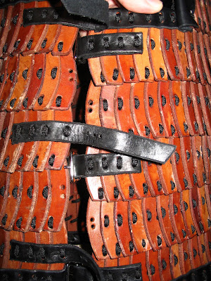 My leather lamellar closes with 3 straps on the shield arm side. some reason the photo won't show but here is the direct link.
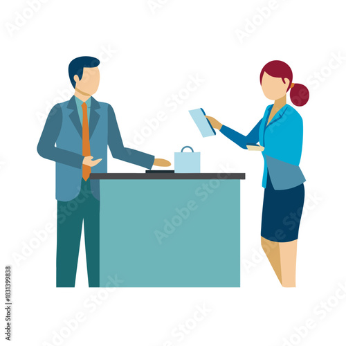 Obraz premium Business people at a reception desk interacting with a clerk, handing over documents for service.
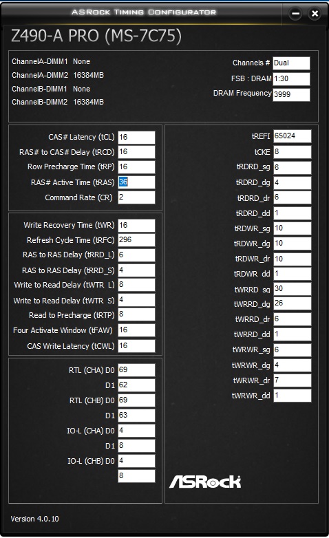 Below are the typical tRFC in ns for the common ICs: IC tRFC (ns) Hynix 8Gb AFR 260 - 280 Hynix 8Gb CJR 260 - 280 Hynix 8Gb DJR 260 - 280 Micron 8Gb Rev. E 280 - 310 Micron 16Gb Rev. B 290 - 310 Samsung 8Gb B-Die 120 - 180 Samsung 8Gb C-Die 300 - 340
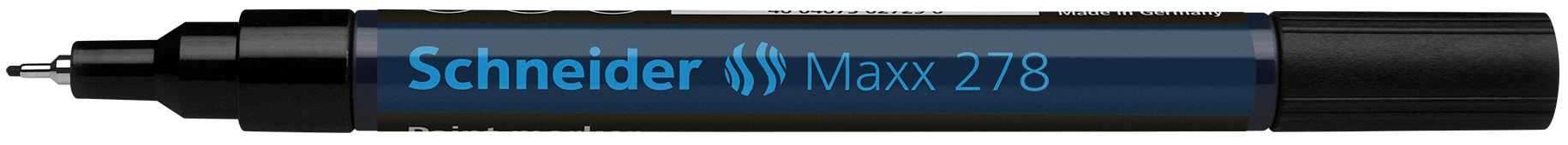 Paint marker with fine tip for a line width of approx. 0.8 mm. Writing colour black. Ideal for marking and decorating rough and smooth surfaces, e.g. paper, plastic, glass, ceramics, metal, leather, rubber, etc. The marks made are highly opaque, have very good adhesion and abrasion resistance on almost all materials, are lightfast, water and weatherproof, resistant to many etching and washing procedures, as well as heat-resistant to up to 300 °C. The ink is controlled by a valve and is free of toluol and xylol. Replaceable writing tip.
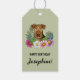 Desteis originelle Cartoon-Illustration einer niedlichen Airedale Terrier Rasse Hund Kopf nah-up umgeben von bunten Wildblumen im Sommer. Es gibt eine rot-rosa Blume, eine lila Blume, eine dunkelrosa Blume und eine weiße, dunkle Blume mit grünen Blätter und Ästen. Die Hintergrundfarbe ist grün mit einem hellen Polka-Punktmuster. Die Hintergrundfarbe kann auf eine andere Farbe geändert werden, und das Polka Punktmuster kann nach Wunsch entfernt werden. Es gibt auch zwei personalisierbare Textbereiche.
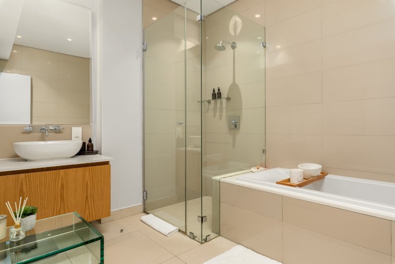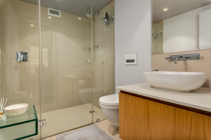 Each room is a haven of tranquility, with plush bedding and ample storage space. The lower bedroom features an ensuite bathroom with a luxurious bath and walk-in shower and the second bedroom also features an ensuite bathroom with a walk-in shower. Wake up to the gentle sea breeze and savour your morning coffee on the balcony as the city comes to life.
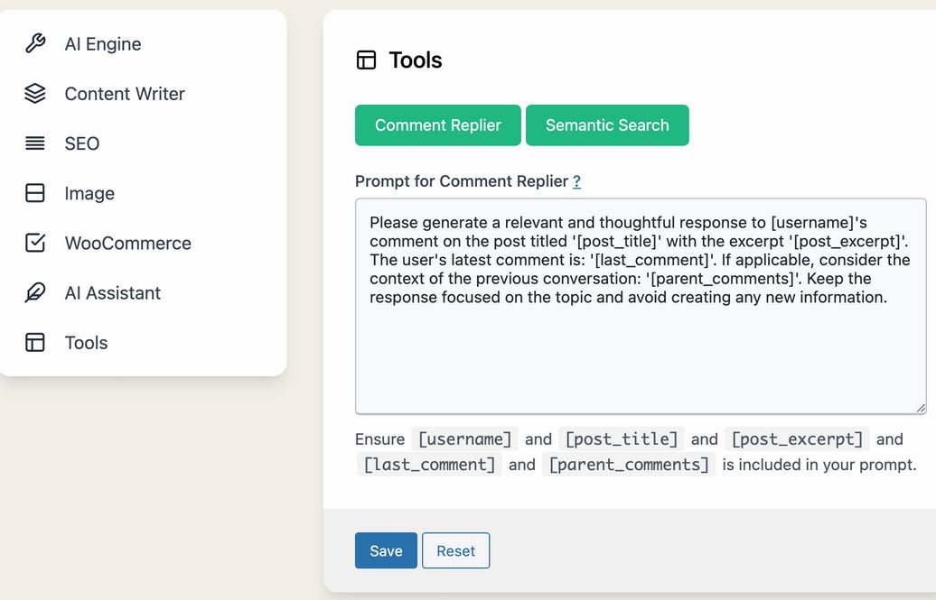 Comments Engine AI: a clever plugin that uses AI to generate comments below your posts. Just choose the number of comments you want, their tone and dates to get started.

PROBLEM DESCRIPTION »
Reproduce exactly the lines of the entries above from the first through the line with "Obraz premium Business", both included; pictures should not be reproduced.

YOUR SOLUTION »
 My leather lamellar closes with 3 straps on the shield arm side. some reason the photo won't show but here is the direct link.
 Obraz premium Business people at a reception desk interacting with a clerk, handing over documents for service.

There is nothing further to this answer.